Following U.S. Navy service in China and the Pacific, McMillan graduated from Colorado State University in 1948 and became a county agricultural extension agent in La Jara and Julesburg, Colorado. He also worked in the office of the dean of students at Colorado State. He became a division head in the Swift & Co. agricultural research department in Chicago in 1954.

McMillan joined what then was known as the American National Cattlemen’s Association in Denver in 1959, serving as its executive vice president for 11 years and opened its Washington office in 1970. He became vice president for Washington affairs when the ANCA merged with the National Livestock Feeders Association to become the National Cattlemen’s Association (NCA) in 1977. The group now is known as the National Cattlemen’s Beef Association.

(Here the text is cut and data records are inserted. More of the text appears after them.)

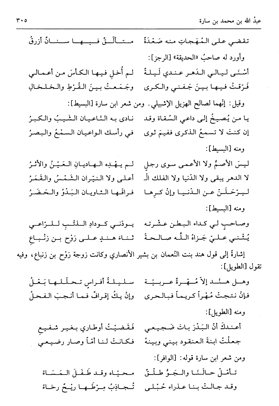 وَقيل إنَّهُمَا لصالح الهزيل الإشبيلي وَمن شعره ابْن سارة من الْبَسِيط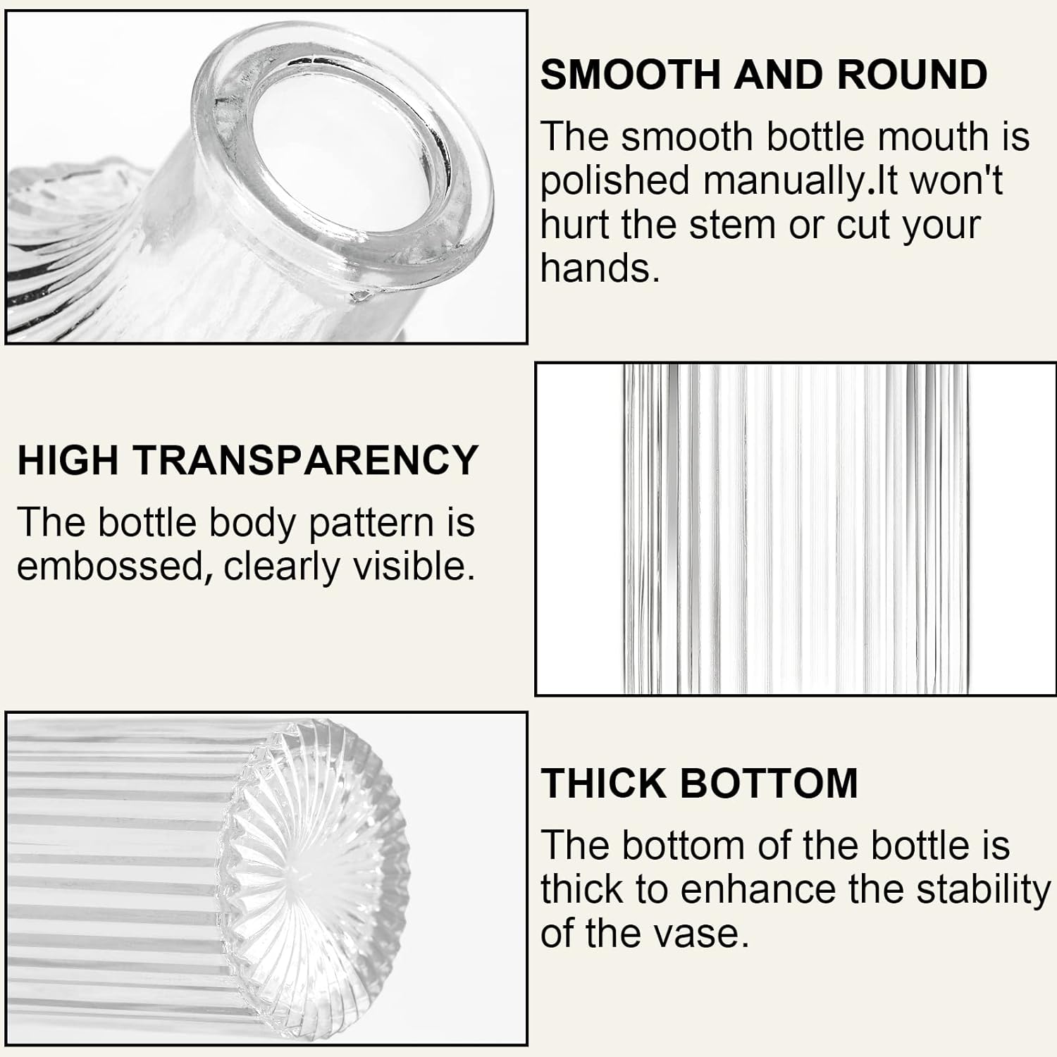 • Refined Craftsmanship: Arme's miniature clear vase is made of high-quality thick borosilicate glass. Each vase is hand-blown to achieve a smooth and scratch-free surface. Every vase has been drop tested and is more durable than other glass products on the market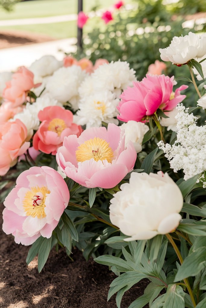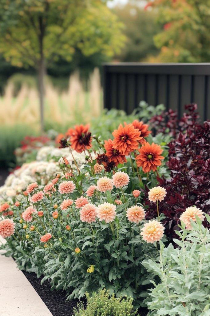 This romantic flower bed is filled with oversized blush pink , creamy white dahlias, and airy ivory astilbe. The soft, diffused sunlight highlights their delicate textures, creating a dreamy, luxurious garden. For this look, choose full, ruffled blooms and plant them in nutrient-rich soil with ample moisture to encourage lush growth.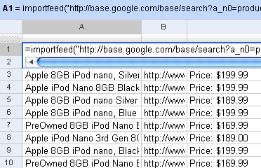 I’d written earlier about Web lookup in Excel. I showed an example how you could create a movie wishlist that showed the links to the torrents from Mininova. You can do that even easier on Google Spreadsheets. It has 4 functions that let you import external data: =importData(“URL of CSV or TSV file”). Imports a comma-separated or tab-separated file. =importFeed(URL).vLets you import any Atom or RSS feed. =importHtml(URL, “list” | “table”, index). Imports a table or list from any web page. =importXML(“URL”,“query”). Imports anything from any web page using XPath. Firstly, you can see straight off why it’s easy to view RSS feeds in Google Spreadsheets. Just use the importFeed function straight away. So, for example, if I wanted to track all 8GB iPods on Google Base, I can import its feed in Google Spreadsheets. ...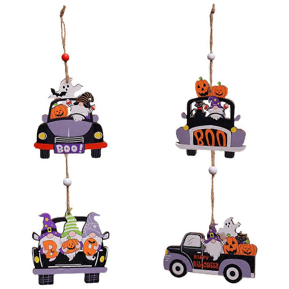 4pcs Halloween Tree Hanging Ornaments Wooden Decorations for Spooky Classic Theme, Ideal for Home & Party Atmosphere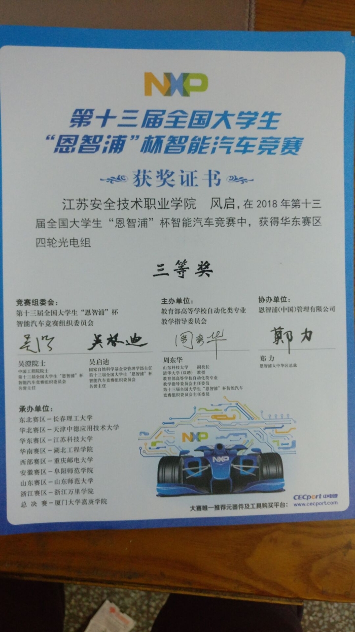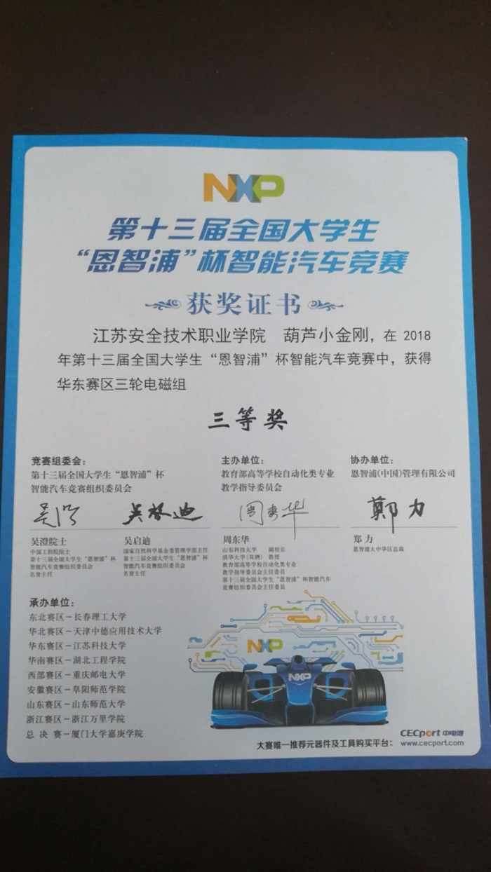 大学生智能车竞赛是教育部官方保留�19个大赛项目之一,本次比赛由教育部高等学校自动化专业指导委员会主办,江苏科技大学承办。大赛分为四轮光电、三轮电磁、两轮直立、无限节能、信标对抗、双车会车等6个项目。电气工程系领导集体高度重视,选拔宋陆昊、朱帅帅两位老师指导“风启”、“葫芦小金刚”团队分别参加四轮光电和电磁三轮组比赛。这是我院首次参加本项目,面对众多本科院校选手,竞争异常激烈。我�14高职电气自动化班陈勇成、王志成、刘洋、周文迪、绕本军、杜威六名参赛选手不畏强敌、沉着应战、克服困难,战胜20多所本专科院校选手,两支队伍双双荣获三等奖�

McMillan was a key player in enactment of the Meat Import Act of 1964 and subsequent amendments which helped regulate imports of competing beef and cattle. He also had a hand in negotiations leading to the Wholesome Meat Act of 1967, which brought important structural changes to meat processing in the United States and abroad.

During the 1970s, he was credited with helping shape creation of the Four-Nation Beef Group (the U.S., Canada, Australia and New Zealand); Mexico was added later to form the Five-Nation Beef group, which still meets annually to address key industry and trade issues. He and the late former Secretary of Agriculture Richard E. Lyng were cofounders of the U.S. Meat Export Federation, which has become an influential force in world meat trade.

Former President Ronald Reagan nominated McMillan to be USDA’s assistant secretary for marketing and transportation services in January 1981. He resigned four years later to create a consulting service, largely specializing in food safety, animal and plant health and international trade in meat and poultry. He was inducted into the Meat Industry Hall of Fame in November 2016.